Goal of the exercise:
Take the lines from the line containing "為進一步加強師德師風(fēn" through the end of the entries and output them exactly, with no pictures and nothing more.

(Saved data entries)

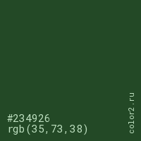Цвет #234926 в цветовой модели RGB обозначается тремя октетами (35, 73, 38) в десятичном формате и #234926 в шестнадцатиричном (hex) формате, которые являются интенсивностью красного 35 (hex 23), интенсивность зелёного 73 (hex 49) и интенсивность синего 38 (hex 26).
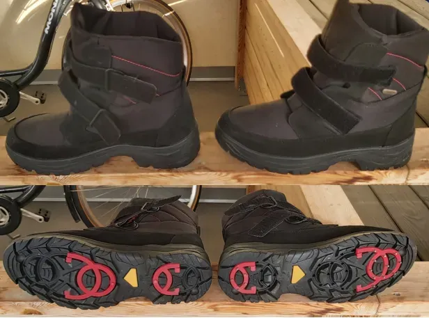 Vinterkängor med infällbara dubbar. Storlek 41, dam. Fodrade och fuktavstötande. Säljes pga fel storlek. Nyskick.
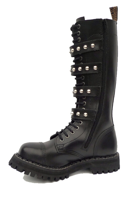 20 dírkové boty STEEL - výška 38-40 cm- celokožené- ocelová špička- šroubovaná podrážka- voskované tkaničky – bavlněné tkaničky- trojité švy.
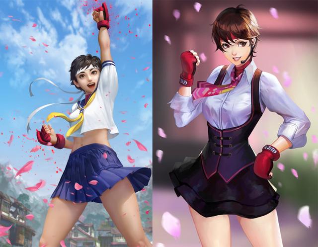 在《街头霸王V》之前她一直都是高中生的身份,因此随时都是穿的学生装。在《街头霸王V》时期已经毕业了,则穿上了更加休闲的服饰。
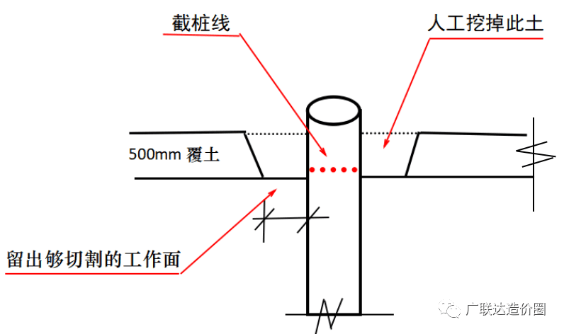 如按审计主楼500mm厚余土不属于桩间土之观点,则桩基单位在桩基结束后,用人工在桩周围挖出能够让切割机展开的工作面,方能切割截桩。这样操作需改变施工流程,做法见图5:
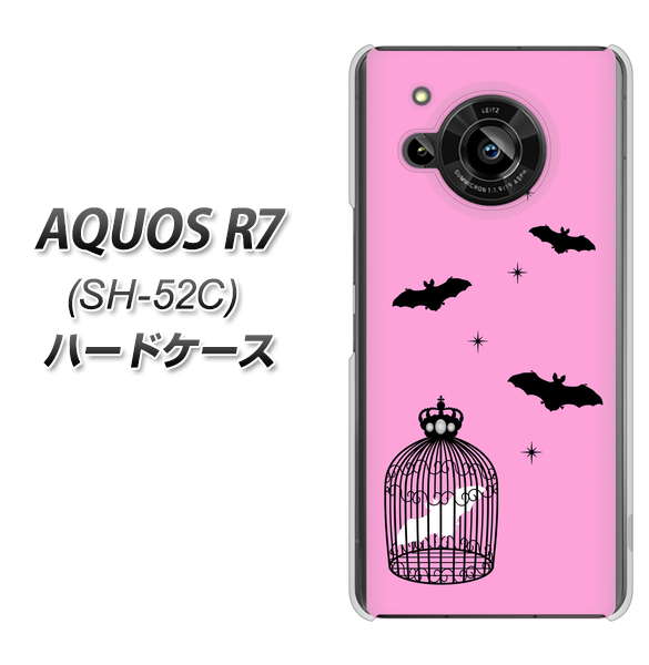 AQUOS R7 SH-52C docomo 高画質仕上げ 背面印刷 ハードケース【AG808 こうもりの王冠鳥かご(ピンク×黒)】
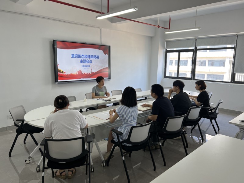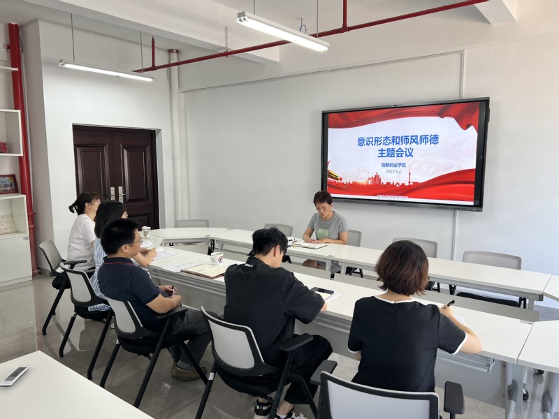 為進一步加強師德師風(fēng)建設(shè),增強教職工意識形態(tài)工作的緊迫感和使命感,營造風(fēng)清氣正的育人環(huán)境和良好的輿論氛圍,2022年9月2日上午,創(chuàng)新創(chuàng)業(yè)學(xué)院組織全院教職工召開師德師風(fēng)建設(shè)與意識形態(tài)工作專題會議,分析研判學(xué)院意識形態(tài)工作和教師思想政治工作,提出加強師德師風(fēng)建設(shè)和意識形態(tài)工作的重要性和必要性。會議由學(xué)院院長林霞主持。學(xué)院副院長王登清、學(xué)院全體教職工參加會議。
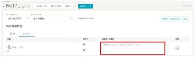 個別で保護者へ連絡事項がある場合は、入力します。
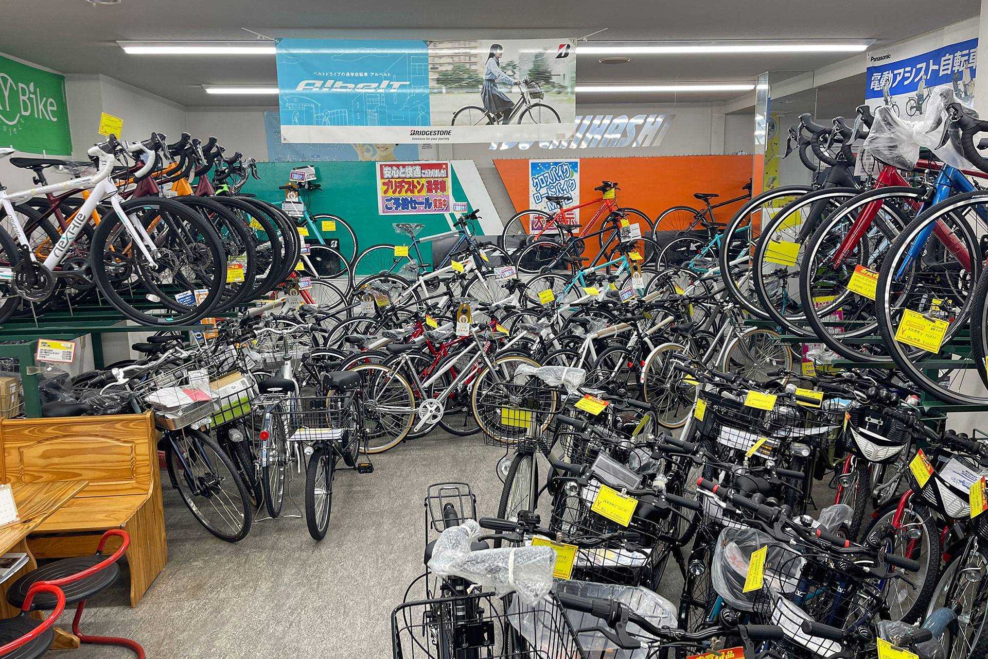 店内には常時450台以上を展示。子ども用だけでも100台を超える充実のラインナップ。

Output of the task:
 為進一步加強師德師風(fēng)建設(shè),增強教職工意識形態(tài)工作的緊迫感和使命感,營造風(fēng)清氣正的育人環(huán)境和良好的輿論氛圍,2022年9月2日上午,創(chuàng)新創(chuàng)業(yè)學(xué)院組織全院教職工召開師德師風(fēng)建設(shè)與意識形態(tài)工作專題會議,分析研判學(xué)院意識形態(tài)工作和教師思想政治工作,提出加強師德師風(fēng)建設(shè)和意識形態(tài)工作的重要性和必要性。會議由學(xué)院院長林霞主持。學(xué)院副院長王登清、學(xué)院全體教職工參加會議。
 個別で保護者へ連絡事項がある場合は、入力します。
 店内には常時450台以上を展示。子ども用だけでも100台を超える充実のラインナップ。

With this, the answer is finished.